§ **DATASET CONTENT**
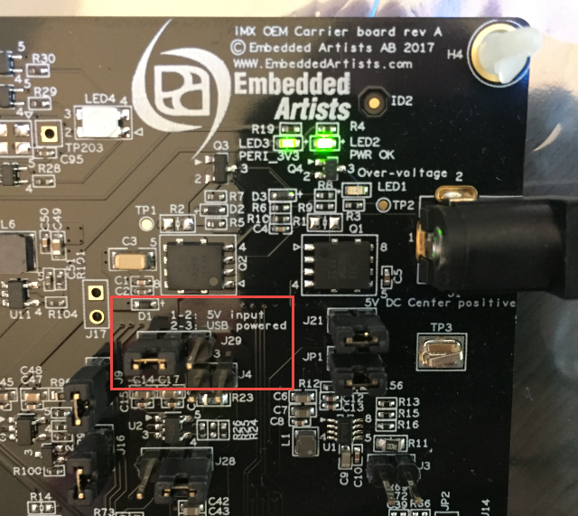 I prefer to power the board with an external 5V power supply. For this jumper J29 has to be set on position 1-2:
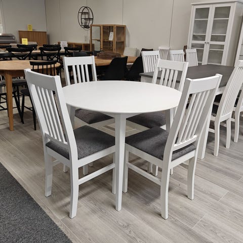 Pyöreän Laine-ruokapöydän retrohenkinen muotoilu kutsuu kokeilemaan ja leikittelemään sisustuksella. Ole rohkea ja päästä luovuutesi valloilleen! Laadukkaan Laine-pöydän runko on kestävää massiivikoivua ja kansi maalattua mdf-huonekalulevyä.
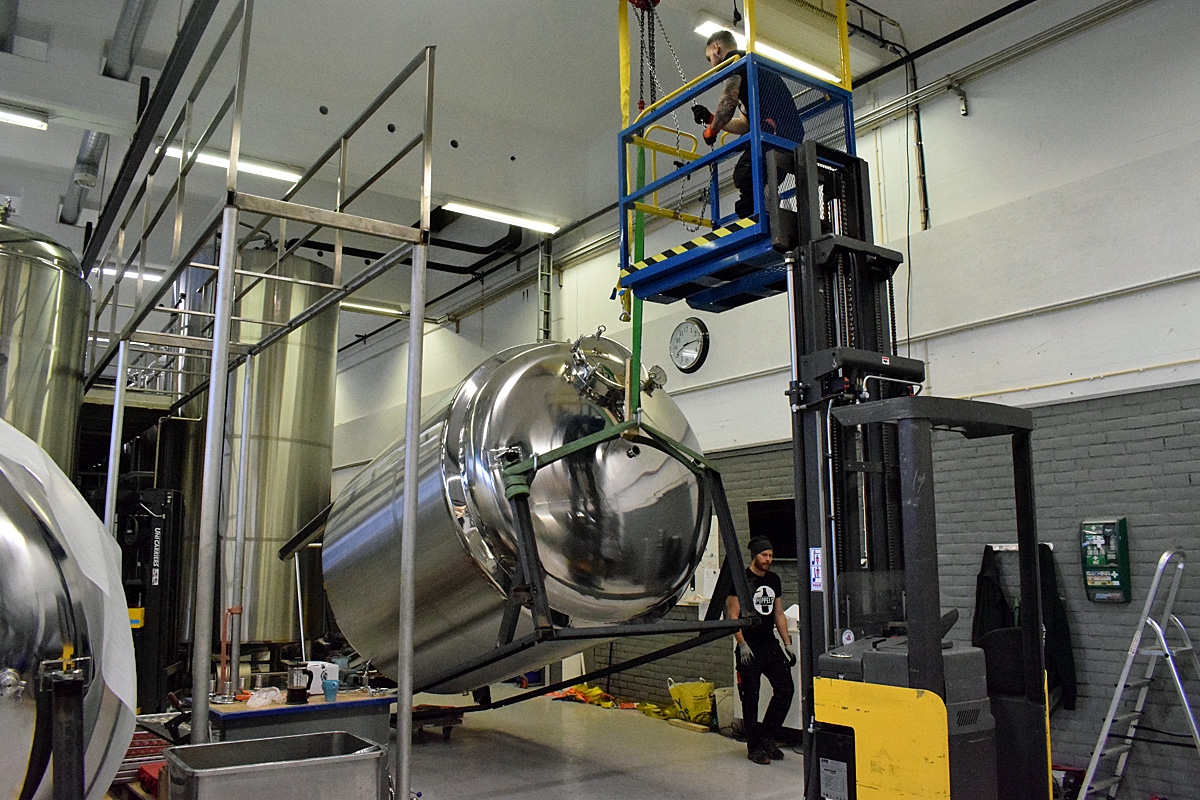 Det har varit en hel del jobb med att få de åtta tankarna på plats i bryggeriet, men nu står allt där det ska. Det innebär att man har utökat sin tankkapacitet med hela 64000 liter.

§ **EXERCISE PROMPT**
Transcribe every line of the data exactly. No pictures go in the copy.

§ **RESULT FOR THIS TASK**
 I prefer to power the board with an external 5V power supply. For this jumper J29 has to be set on position 1-2:
 Pyöreän Laine-ruokapöydän retrohenkinen muotoilu kutsuu kokeilemaan ja leikittelemään sisustuksella. Ole rohkea ja päästä luovuutesi valloilleen! Laadukkaan Laine-pöydän runko on kestävää massiivikoivua ja kansi maalattua mdf-huonekalulevyä.
 Det har varit en hel del jobb med att få de åtta tankarna på plats i bryggeriet, men nu står allt där det ska. Det innebär att man har utökat sin tankkapacitet med hela 64000 liter.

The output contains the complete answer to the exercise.